▶ Records supplied:
################

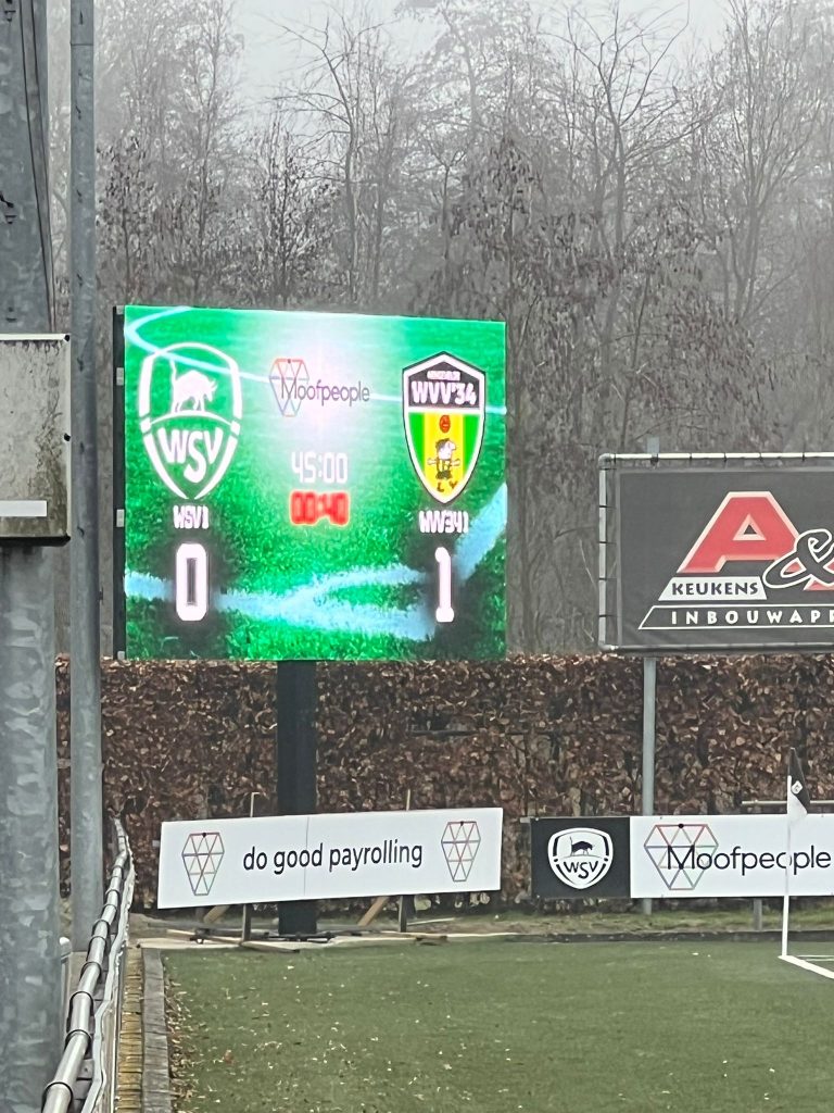 Na rust bleef WSV het initiatief houden, maar stuitte telkens op een goed georganiseerde defensie van WVV’34. Wissels aan beide kanten zorgden voor verse krachten, maar het overwicht van WSV leverde geen doelpunt op. Een treffer van Gijs Pierik werd overigens nog afgekeurd, waardoor de 0-1 stand bleef staan.
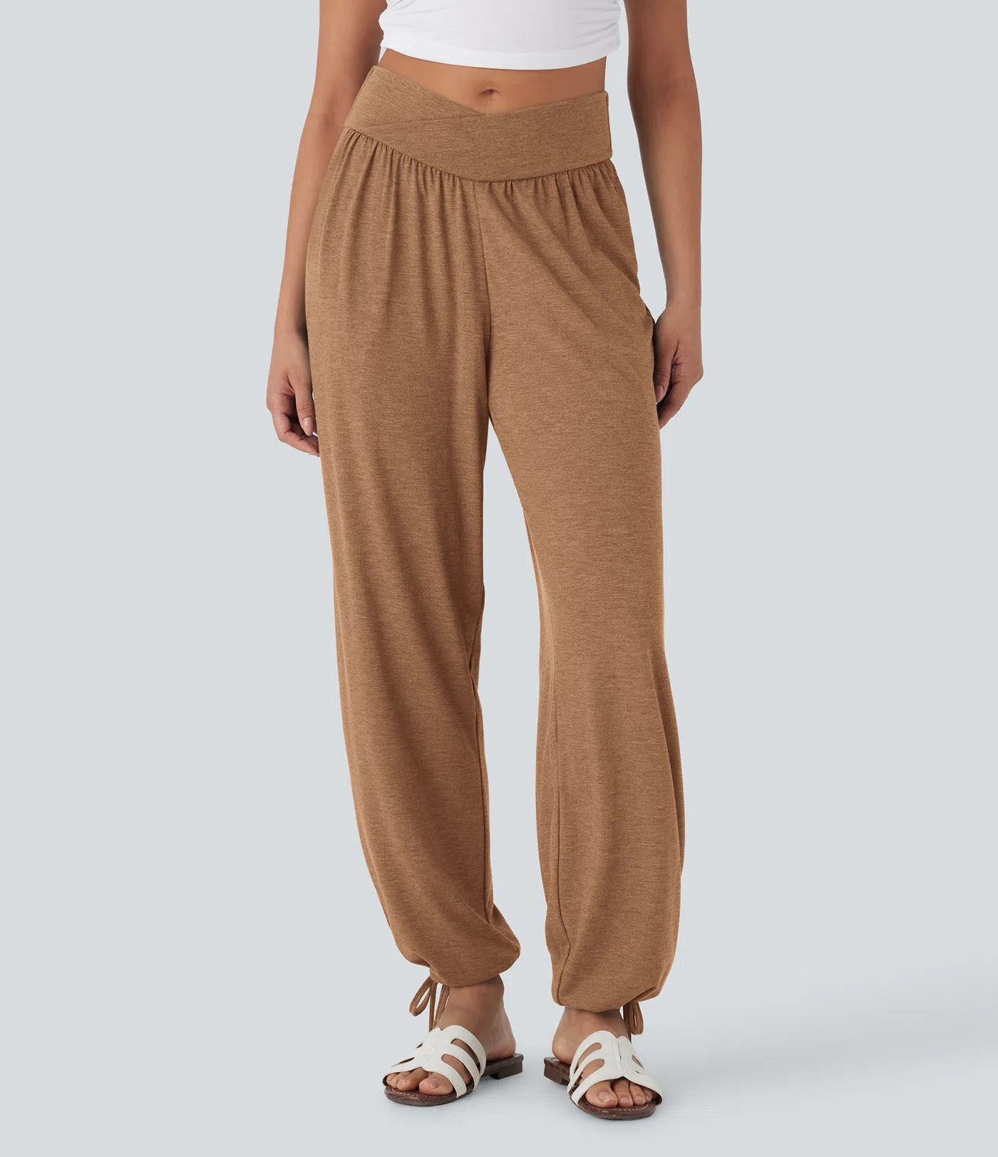 Crossover High Waisted Pocket Drawstring Casual Joggers
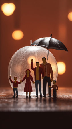 Generative AI : concept the social protection of the family family took refuge from the miseries and rain under an umbrella
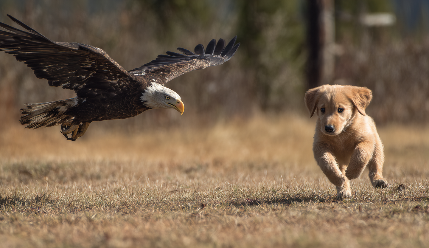 High above the houses, a massive eagle was circling the neighborhood, its golden feathers catching the sunlight. Then, without warning, it dove straight down talons first toward a quiet backyard. Before anyone could react, the eagle had snatched up a small puppy from the grass and soared back into the sky. For a few stunned seconds, no one could move. It felt like a scene from a wildlife documentary except it was happening right there, above their homes! Continue reading on the next page to find out what happened!
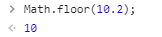 Math.floor(10.2); : 가장가까운 정수로 반내림 = 10
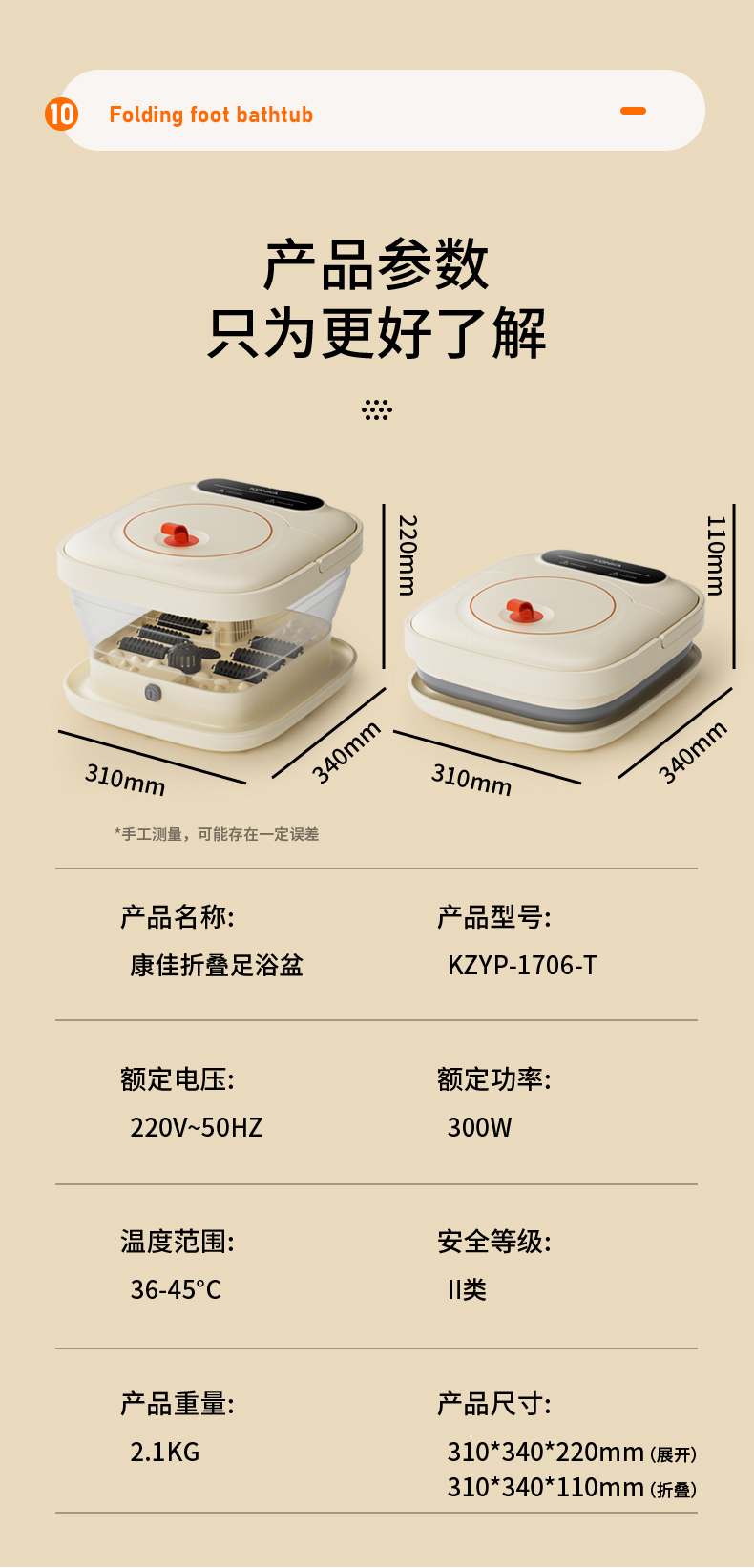 康佳(KONKA) 康佳折叠足浴盆 KZYP-1706-T 19L 米白色(单位:台)
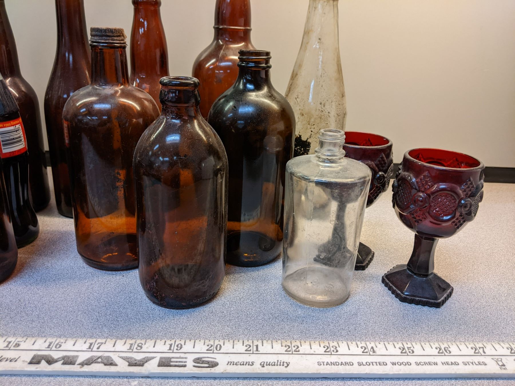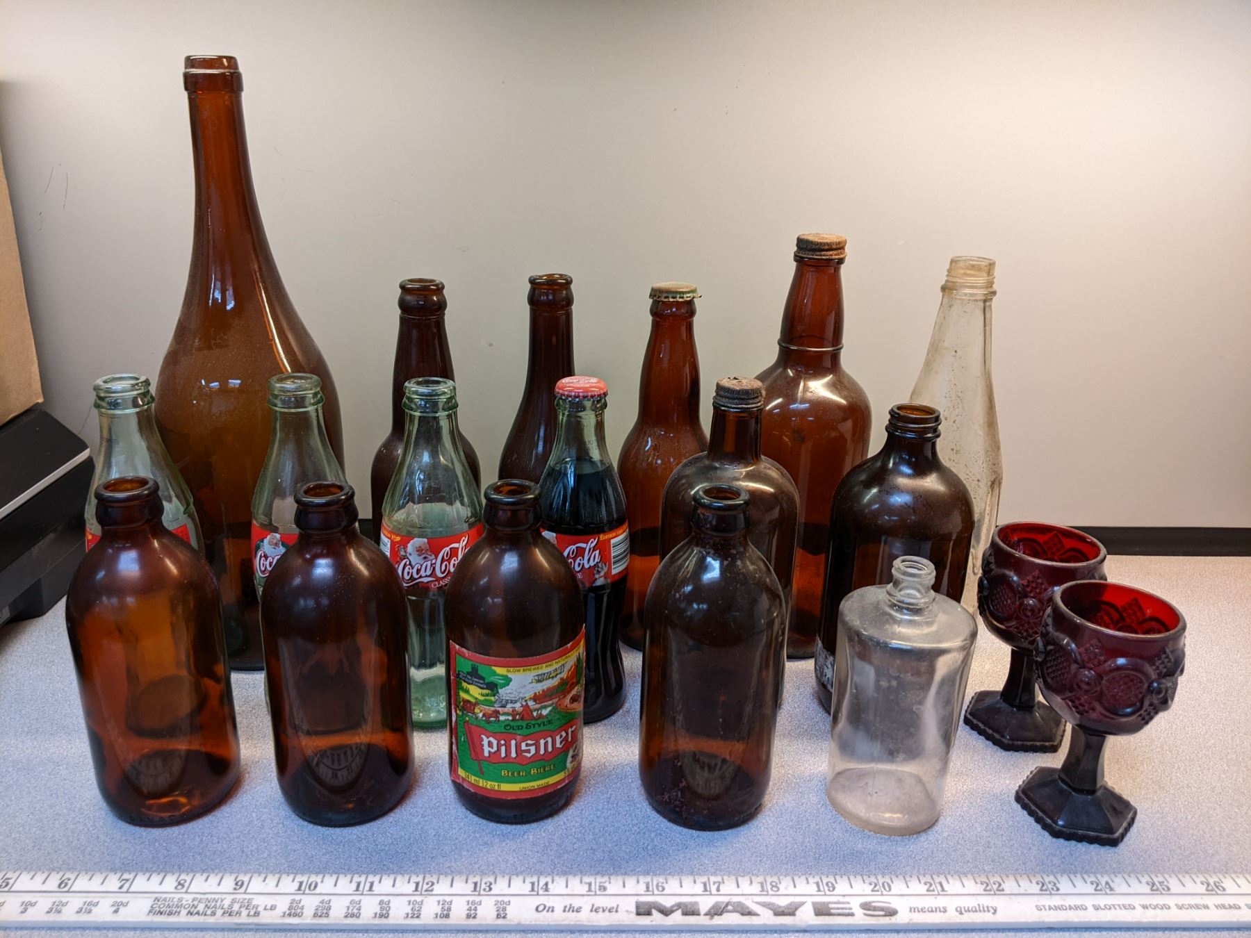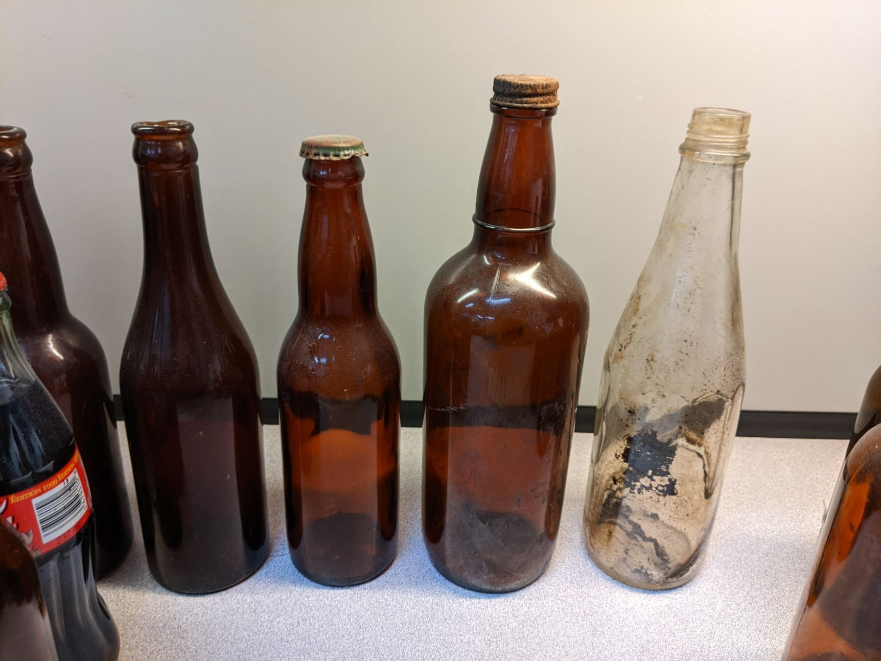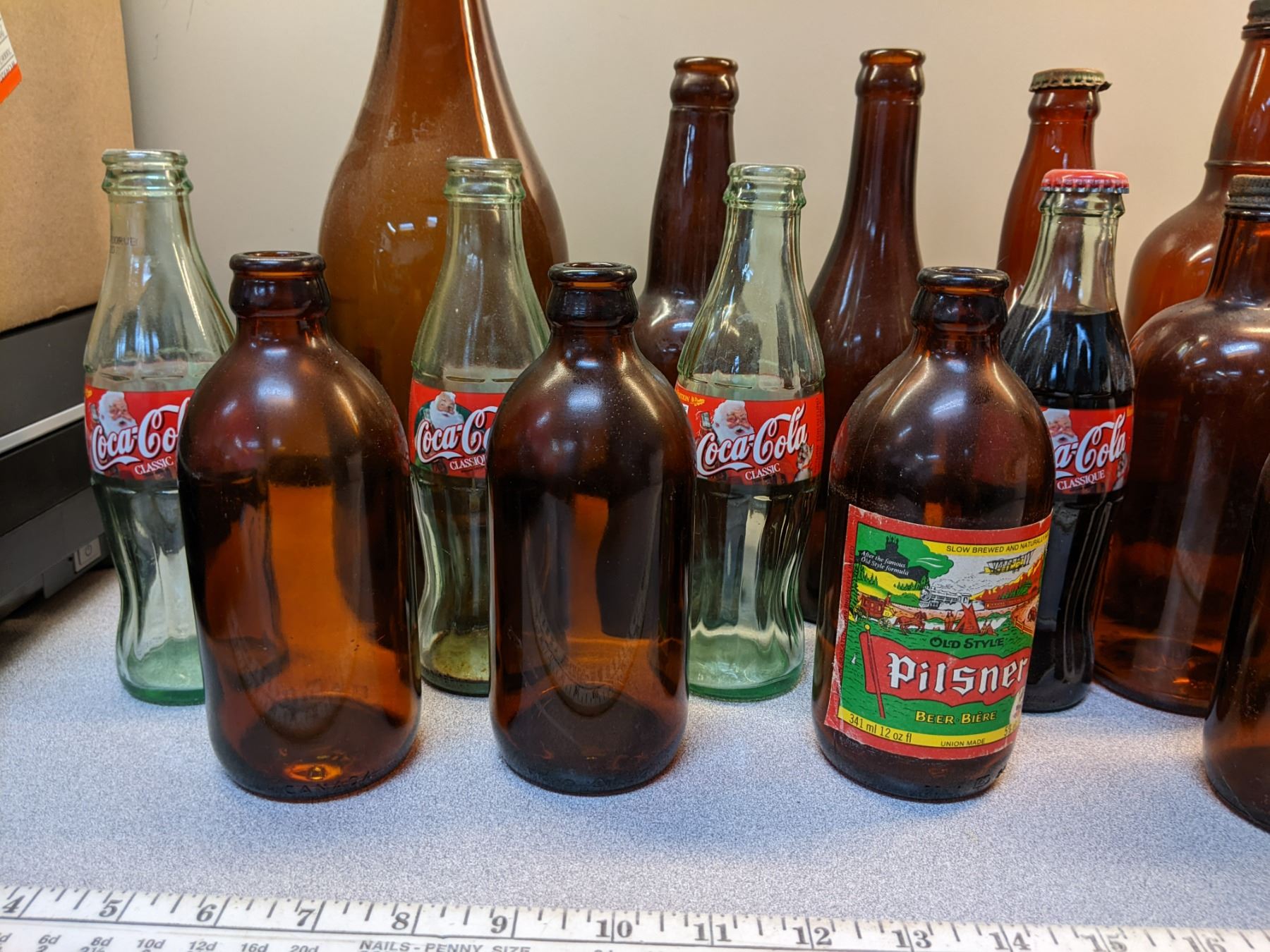 Lot of assorted bottles - Coca-Cola, Pilsner, brown beer bottles, etc.
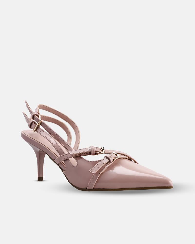 - وصف الحذاء: حذاء نسائي بكعب قصير يناسب اطلالتك في كل الأوقات ويتزين بأحزمة يقفل معدني.
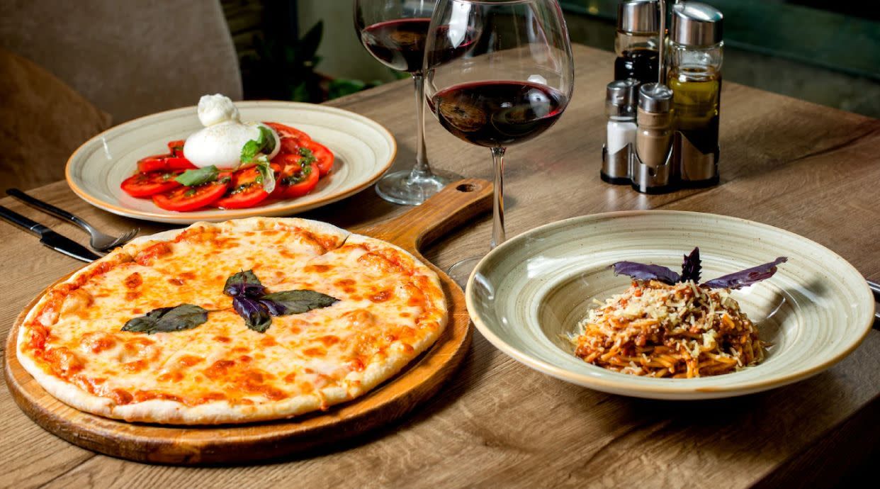 Tomate, mozzarella, jamón York, orégano y AOVE
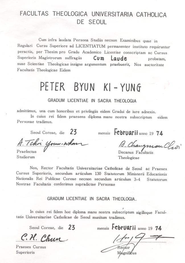 ● 1972~1974, GRADUM LICENTIAE IN SACRA THEOLOGIA in the Seoul Catholic University Graduate School.
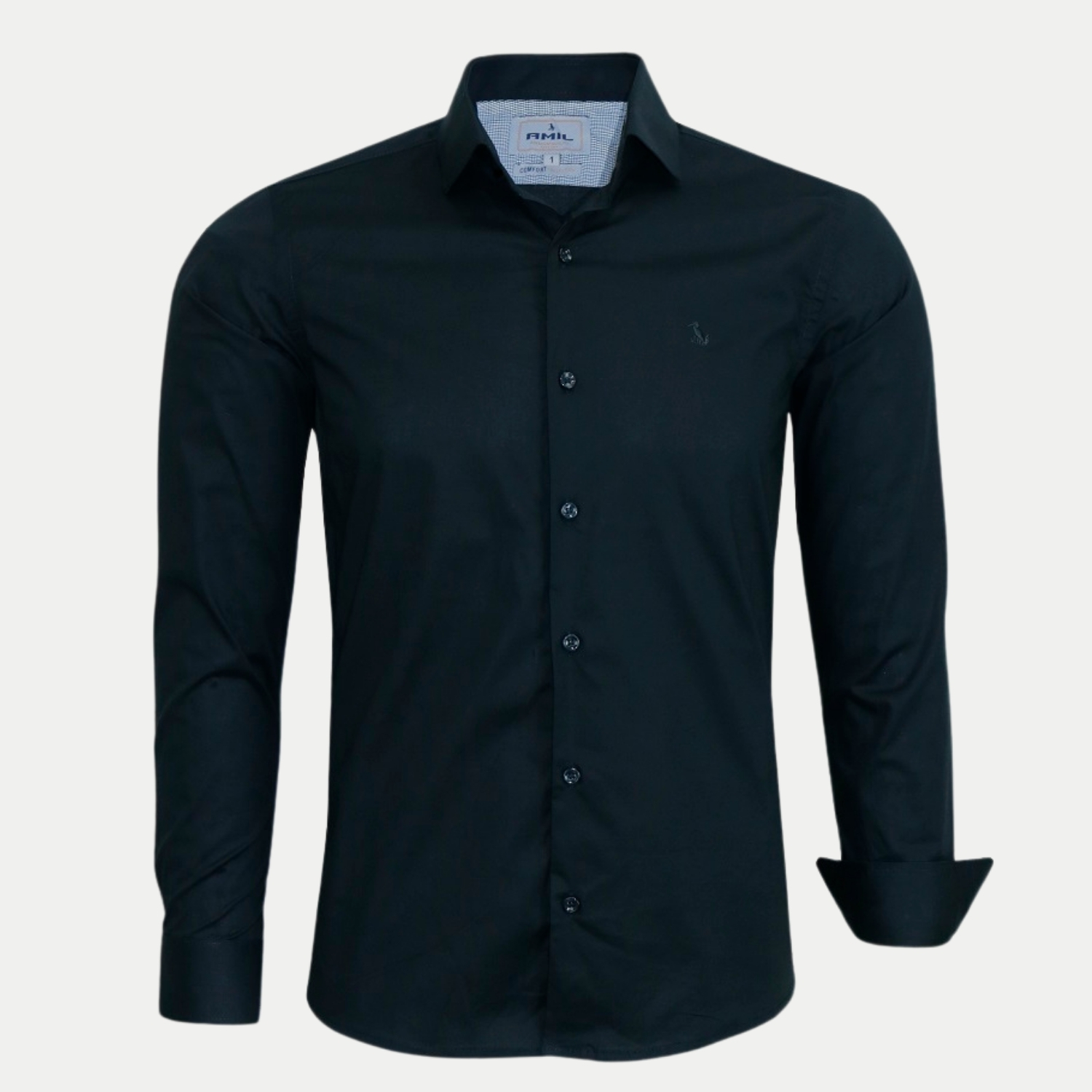 CAMISA AMIL MANGA LONGA COMFORT ALGODÃO COM ELASTANO LISA PRETO MASCULINO ADULTO

################

▶ Task description: Nothing but the lines from the one with "Lot of assorted" to the one with "Tomate, mozzarella, jamón" above, both included, should be transcribed, exactly and without pictures.

▶ Answer to this exercise:
 Lot of assorted bottles - Coca-Cola, Pilsner, brown beer bottles, etc.
 - وصف الحذاء: حذاء نسائي بكعب قصير يناسب اطلالتك في كل الأوقات ويتزين بأحزمة يقفل معدني.
 Tomate, mozzarella, jamón York, orégano y AOVE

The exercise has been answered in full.